Global Systemic Juvenile Idiopathic Arthritis Market reached US$ 0.87 billion in 2022 and is expected to reach US$ 1.19 billion by 2030.

Juvenile idiopathic arthritis (JIA) is a highly common type of arthritis in kids and teens. Around 10% to 20% of juveniles with JIA carry an infrequent and severe subtype called systemic juvenile idiopathic arthritis (SJIA). "Systemic" indicates that it may impact not just the joints but even additional parts of the body, such as the liver, lungs, and heart. SJIA, often referred to as Still's condition, can transpire at any moment in childhood.

Despite its most typical beginning at approximately two years of age, the males and females are equally impacted. SJIA also varies among different subtypes in that it is exclusively regarded as an autoinflammatory instead of an autoimmune condition. SJIA is additionally extreme and can be more difficult to interpret and treat compared to other types of juvenile idiopathic arthritis. It is a lifelong condition for numerous patients and can persist into adulthood.

The increasing authorizations, positive outcomes from research activities, market developments including mergers, acquisitions, products introductions, growing awareness among other factors are expected to boost the global systemic juvenile idiopathic arthritis market growth in the forecast period. Further, the growing cases and research fundings are also expected to contribute to the global market growth in the forecast period.

Dynamics

Increasing Product Approvals and Positive Research Outcomes

The increasing product approvals and positive outcomes from distinct clinical investigations are expected to boost the global market growth in the forecast period. For instnace, in January 2023, the National Medical Products Administration (NMPA) of China authorized the Bio-Thera Solution's biosimilar of Actemra (tocilizumab), BAT1806, a recombinant humanized monoclonal antibody designed to target interleukin-6 receptor (IL-6R). It has been authorized for the treatment of cytokine release syndrome (CRS), rheumatoid arthritis (RA), and systemic juvenile idiopathic arthritis (sJIA). The FDA and EMA have accepted the marketing authorization application for BAT1806/BIIB800.

Moreover, according to a recent study Emapalumab, a completely human anti-interferon-γ (IFNγ), showed effectiveness for causing remission of macrophage activation syndrome (MAS) secondary to systemic juvenile idiopathic arthritis (sJIA) or adult-onset Still's disease (AOSD) in individuals who did not obtain effect with usual care with high-dose glucocorticoids, with or without anakinra (Kineret; Sobi) and/or cyclosporin. Emapalumab was investigated in a phase 2, open-label, single-arm trial (NCT03311854) that was executed at 5 locations in France, Italy, Spain, the United Kingdom, and the United States.

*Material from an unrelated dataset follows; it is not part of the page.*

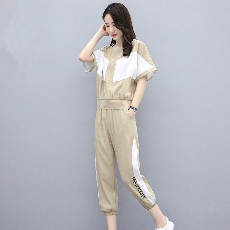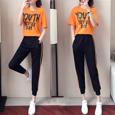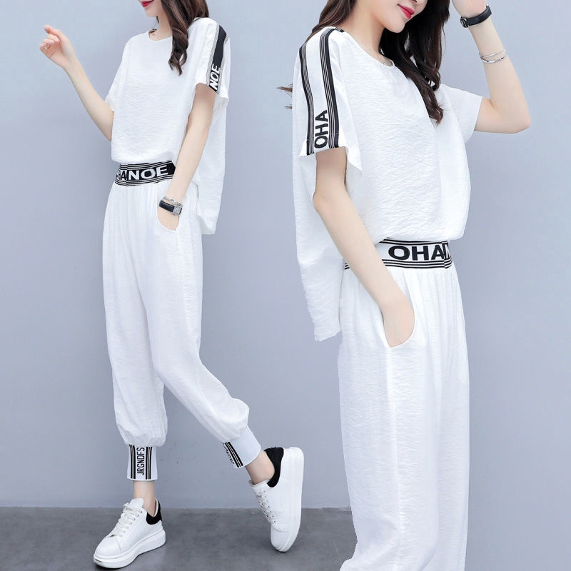2 Pcs Set Wanita Kaos Lengan Pendek Celana Panjang Korea Fashion Kasual Sport Setelan Shopee Indonesia

Increasing Efforts from Distinct Associations

Increasing Efforts from Distinct Associations to enhance the overall management of Juvenile Idiopathic Arthritis (JIA) and associated conditions. For instance, in March 2023, the Canadian Rheumatology Association (CRA) publicized policies for the screening, monitoring, and treatment of juvenile idiopathic arthritis (JIA)-associated uveitis. Investigations assessing systemic therapies in JIA-associated uveitis are restricted in spite of a uniform therapy procedure and regulatory body clearance for new treatments.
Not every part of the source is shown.